Ao mesmo tempo, o chanceler Patriota admitia que o Conselho Nacional de Transição (CNT) é um “interlocutor válido no atual momento”.

“Qualquer que seja o [futuro] governo, ele deverá ser de transição, para organizar eleições e proporcionar à população condições de maior participação nos destinos do país”, acredita.

Ao encerrar a conversa com jornalistas brasileiros, o chanceler afirmou que o Brasil se considera “mais amigo da Líbia que outros países. “Nunca utilizamos armas contra o povo líbio. E o país se distinguiu por se posicionar sempre ao lado da população”.

Impasse

O que restou do exército líbio manteve bolsões de resistência em Tripoli, apesar da ofensiva dos combatentes leais à Otan, que chegaram a utilizar artilharia pesada para tentar controlar a cidade.

Fontes ligadas ao CNT admitiram que os “rebelados” sustentaram intensos combates em ruas do centro de Trípoli, uma imagem diferente da veiculada pela mídia, que dava como favas contadas a tomada do controle da principal cidade do país norte-africano.

Imagens de canais árabes via satélite mostraram grupos de irregulares disparando com metralhadoras antiaéreas e outros armamentos contra um hotel no centro da capital, ao mesmo tempo em que soldados do exército resistiam em bairros e outras zonas do centro e sul.

Promessas

Mustafa Abdel Jalil, chefe do CNT, disse em coletiva de imprensa em Bengazi, bastião dos “rebeldes” no oriente da Líbia, que a oferta de US$ 1,7 milhões para quem ajudar a capturar Kadafi, vivo ou morto, continua de pé.

Jalil chegou a falar de um eventual governo do CNT, depois do que chamou de “vitória de todos os líbios”. Segundo ele, todos os problemas de abastecimento de alimentos, combustível e medicamentos para a população estão prestes a ser resolvidos, mas ainda se combate nas localidades de Bin Jawad, Sirte e Zuwarah.

Fontes da Otan, cujos bombardeios aéreos foram decisivos para o avanço dos rebeldes, admitiram que estão dando assistência em inteligência e reconhecimento às forças irregulares, para “ajudá-los” a localizar Kadafi, se preparando também para entrar no terreno, ocupando o país por um tempo indeterminado.

A transferência do CNT de Bengazi para Trípoli, anunciada para quarta-feira, foi assunto retirado da pauta da mídia corporativa nesta quinta.
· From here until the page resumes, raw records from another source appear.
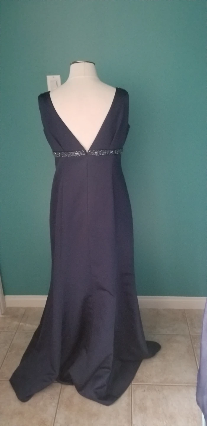 Blue dress, size 14 from David’s Bridal. Only worn once and comes with the scarf which can be worn with or without the dress.
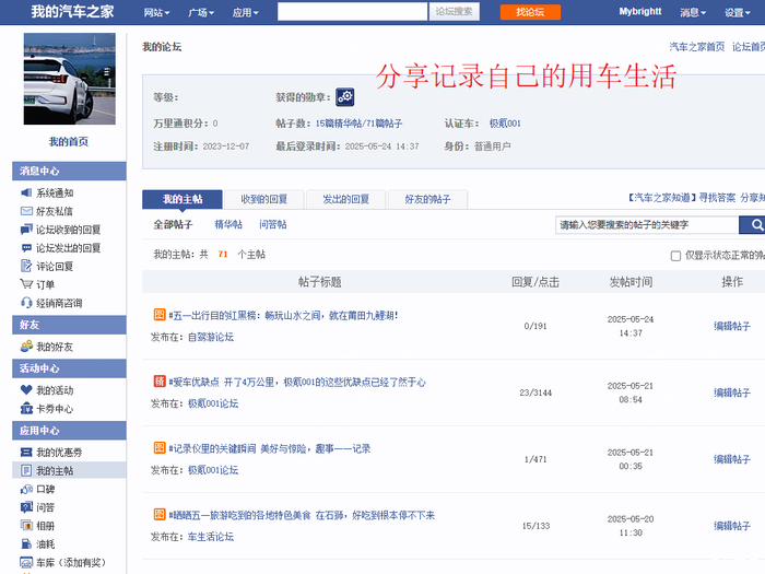 未来,我希望还能继续在汽车之家这个平台上,分享更多关于极氪001的故事。也希望能认识更多车友,一起聊聊车,一起出去自驾,感受不同的风景。
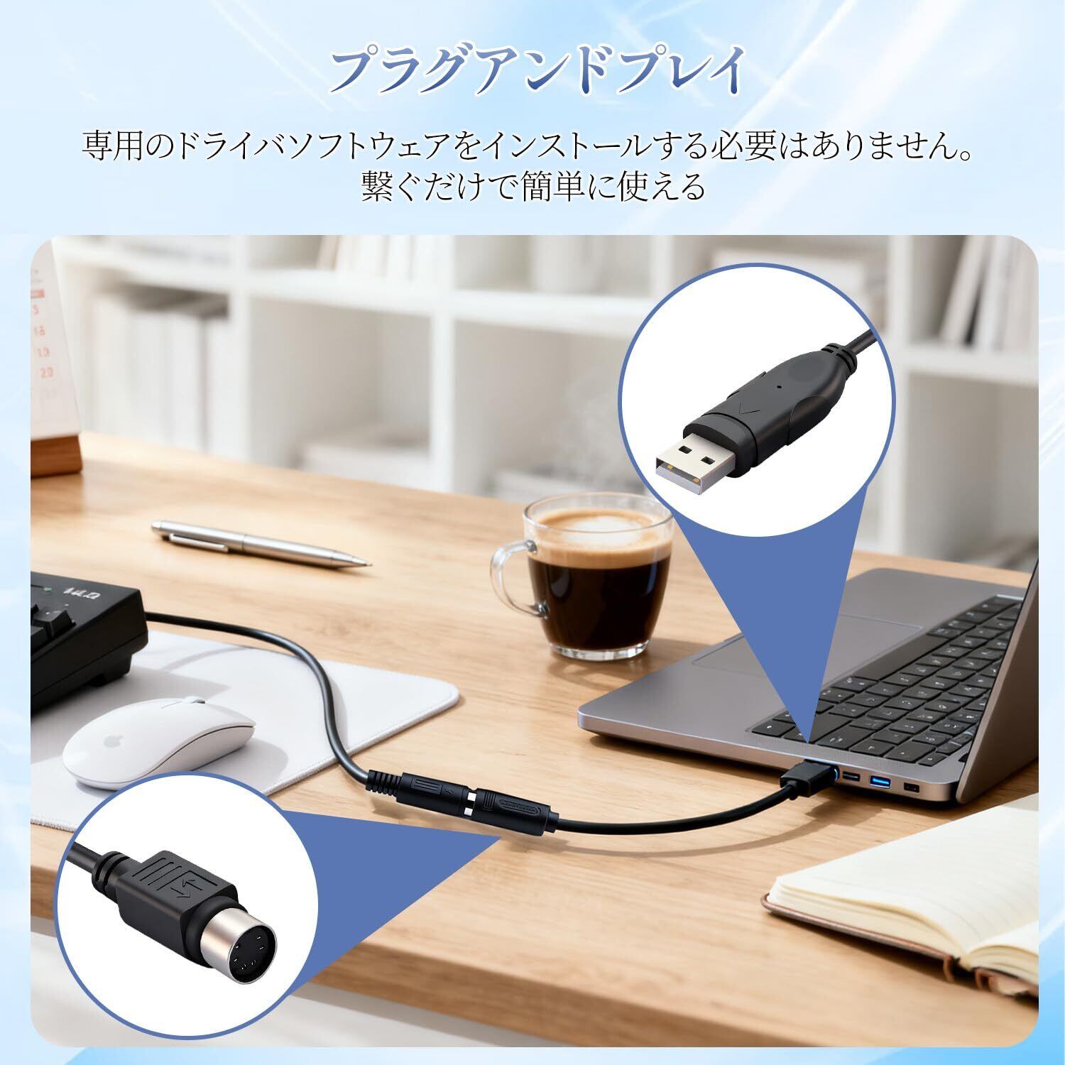 本商品は、USB A(オス)とミニDIN 6pin (メス)の設計になっており、特別な設定やドライバのインストールは不要です。接続するだけでスムーズに使用できるため、ストレスなく作業を進めることができます。
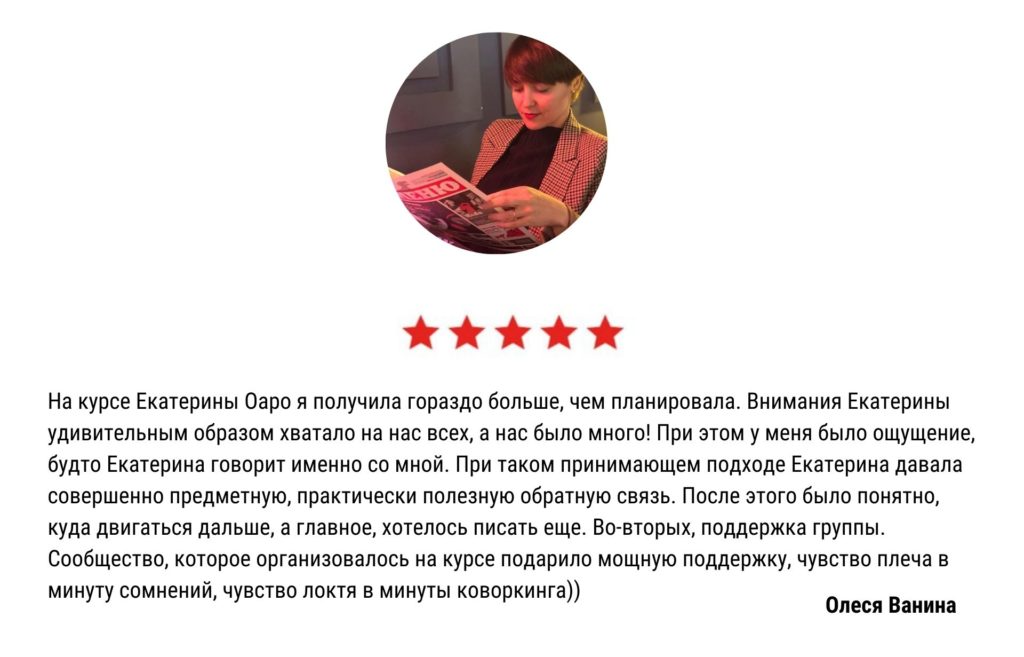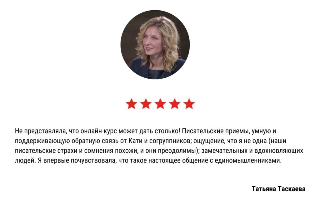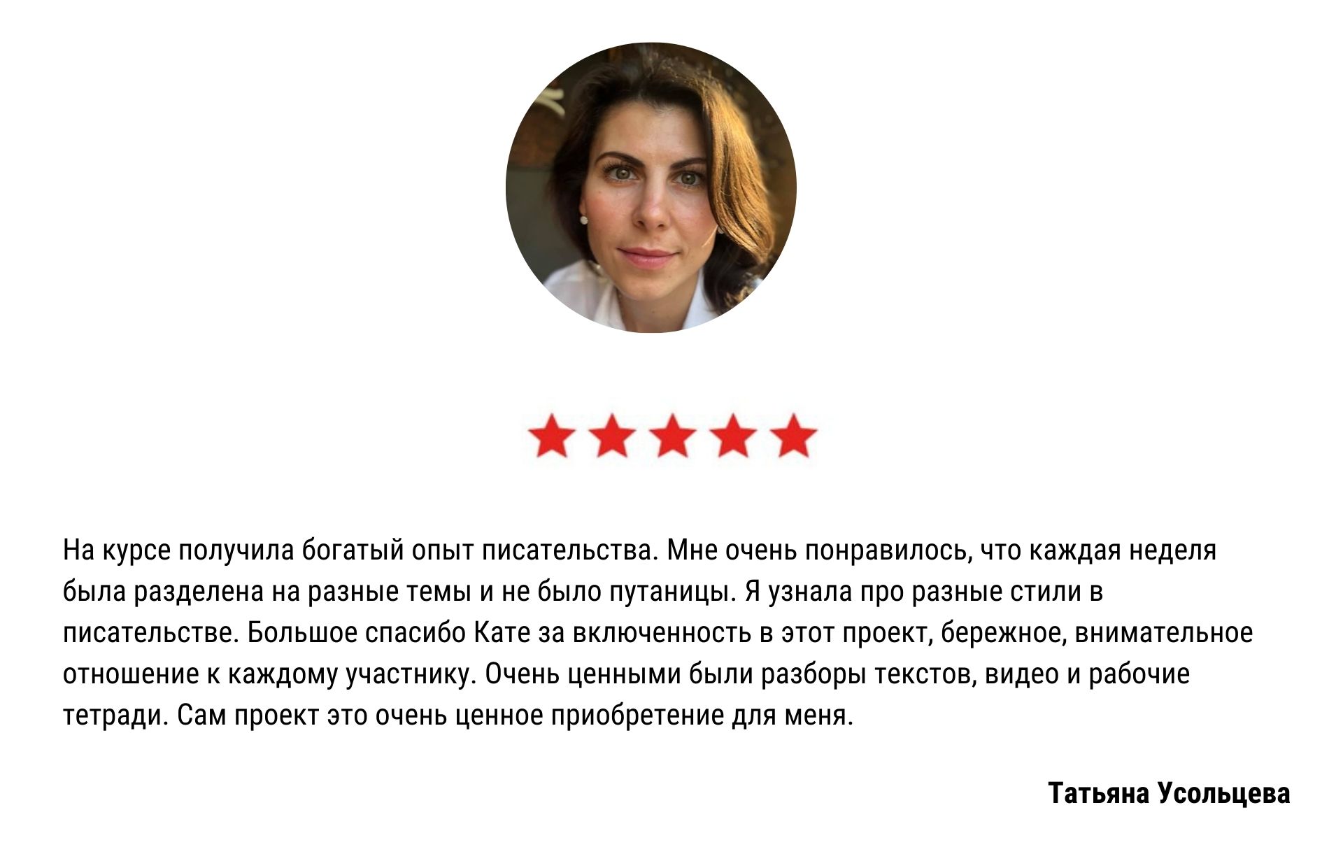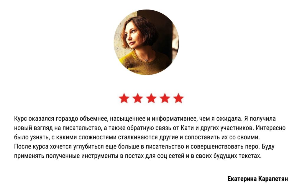 Мне очень понравились примеры и задания, предложенные Катей. Мастерская максимально прикладная и дает импульс для дальнейшего продвижения в писательстве.

Os combates em torno de Bab al-Azizia, complexo onde supostamente morava Kadafi, ressurgiram após a aparente calma de quarta-feira.

O panorama continua convulso e confuso, na mesma medida em que aumentam as especulações sobre o paradeiro do presidente da Líbia. Durante o dia, as ruas permaneceram quase desertas em consequência da presença de franco-atiradores.